**WHAT TO PRODUCE**. Among the entries below, which lines run from the line with "Coupe du pont" through the line with "Skateboard Neon Sunset"? Retype those, both ends included, exactly and without pictures.

**PROVIDED RECORDS**.
::::

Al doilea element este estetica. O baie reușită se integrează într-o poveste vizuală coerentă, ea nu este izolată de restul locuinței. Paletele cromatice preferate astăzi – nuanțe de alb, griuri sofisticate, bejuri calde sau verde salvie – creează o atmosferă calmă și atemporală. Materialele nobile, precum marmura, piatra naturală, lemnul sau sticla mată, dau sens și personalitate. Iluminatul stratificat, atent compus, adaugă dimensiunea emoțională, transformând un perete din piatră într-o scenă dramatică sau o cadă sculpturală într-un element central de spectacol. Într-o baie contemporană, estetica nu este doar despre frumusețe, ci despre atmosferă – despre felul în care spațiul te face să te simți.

::::

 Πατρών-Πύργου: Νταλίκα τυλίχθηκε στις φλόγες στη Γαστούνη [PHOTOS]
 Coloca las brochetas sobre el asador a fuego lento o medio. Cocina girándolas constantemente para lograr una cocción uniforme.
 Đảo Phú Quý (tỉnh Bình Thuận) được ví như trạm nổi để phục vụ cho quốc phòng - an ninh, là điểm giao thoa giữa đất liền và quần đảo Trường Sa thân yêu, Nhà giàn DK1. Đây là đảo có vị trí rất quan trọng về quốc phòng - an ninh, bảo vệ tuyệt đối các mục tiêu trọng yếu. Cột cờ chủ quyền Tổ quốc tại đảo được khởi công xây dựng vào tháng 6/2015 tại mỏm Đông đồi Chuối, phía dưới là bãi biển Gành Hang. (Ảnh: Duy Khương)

::::

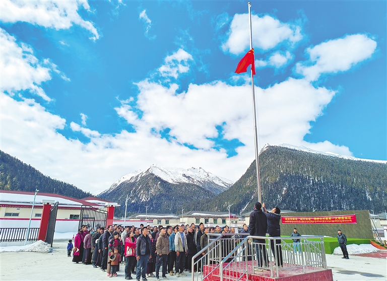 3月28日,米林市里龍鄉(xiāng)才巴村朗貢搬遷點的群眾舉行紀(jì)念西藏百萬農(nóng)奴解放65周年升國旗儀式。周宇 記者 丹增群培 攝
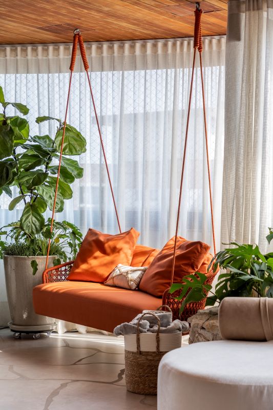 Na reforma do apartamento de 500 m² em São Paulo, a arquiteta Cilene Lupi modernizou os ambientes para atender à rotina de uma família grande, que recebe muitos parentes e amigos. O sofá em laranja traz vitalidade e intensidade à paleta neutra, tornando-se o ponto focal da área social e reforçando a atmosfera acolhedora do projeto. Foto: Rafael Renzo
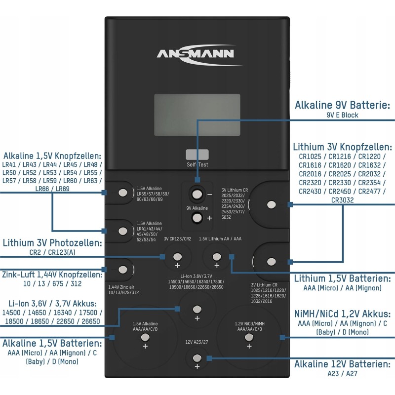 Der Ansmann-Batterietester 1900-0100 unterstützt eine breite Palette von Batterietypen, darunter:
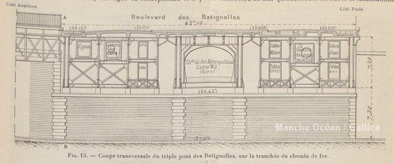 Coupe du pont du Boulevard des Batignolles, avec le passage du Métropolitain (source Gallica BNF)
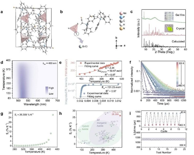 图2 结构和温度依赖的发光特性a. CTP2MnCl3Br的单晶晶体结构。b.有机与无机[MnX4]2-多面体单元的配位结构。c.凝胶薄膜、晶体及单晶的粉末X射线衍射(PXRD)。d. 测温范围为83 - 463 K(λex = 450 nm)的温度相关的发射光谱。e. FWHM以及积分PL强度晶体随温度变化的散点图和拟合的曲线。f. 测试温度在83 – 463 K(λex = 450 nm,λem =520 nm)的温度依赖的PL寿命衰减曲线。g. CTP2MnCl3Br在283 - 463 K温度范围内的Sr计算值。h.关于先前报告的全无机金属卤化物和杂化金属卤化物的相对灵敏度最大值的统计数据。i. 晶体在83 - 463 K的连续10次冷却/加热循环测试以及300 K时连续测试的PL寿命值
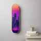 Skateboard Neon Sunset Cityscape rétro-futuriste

::::

**SOLUTION**.
 Coupe du pont du Boulevard des Batignolles, avec le passage du Métropolitain (source Gallica BNF)
 图2 结构和温度依赖的发光特性a. CTP2MnCl3Br的单晶晶体结构。b.有机与无机[MnX4]2-多面体单元的配位结构。c.凝胶薄膜、晶体及单晶的粉末X射线衍射(PXRD)。d. 测温范围为83 - 463 K(λex = 450 nm)的温度相关的发射光谱。e. FWHM以及积分PL强度晶体随温度变化的散点图和拟合的曲线。f. 测试温度在83 – 463 K(λex = 450 nm,λem =520 nm)的温度依赖的PL寿命衰减曲线。g. CTP2MnCl3Br在283 - 463 K温度范围内的Sr计算值。h.关于先前报告的全无机金属卤化物和杂化金属卤化物的相对灵敏度最大值的统计数据。i. 晶体在83 - 463 K的连续10次冷却/加热循环测试以及300 K时连续测试的PL寿命值
 Skateboard Neon Sunset Cityscape rétro-futuriste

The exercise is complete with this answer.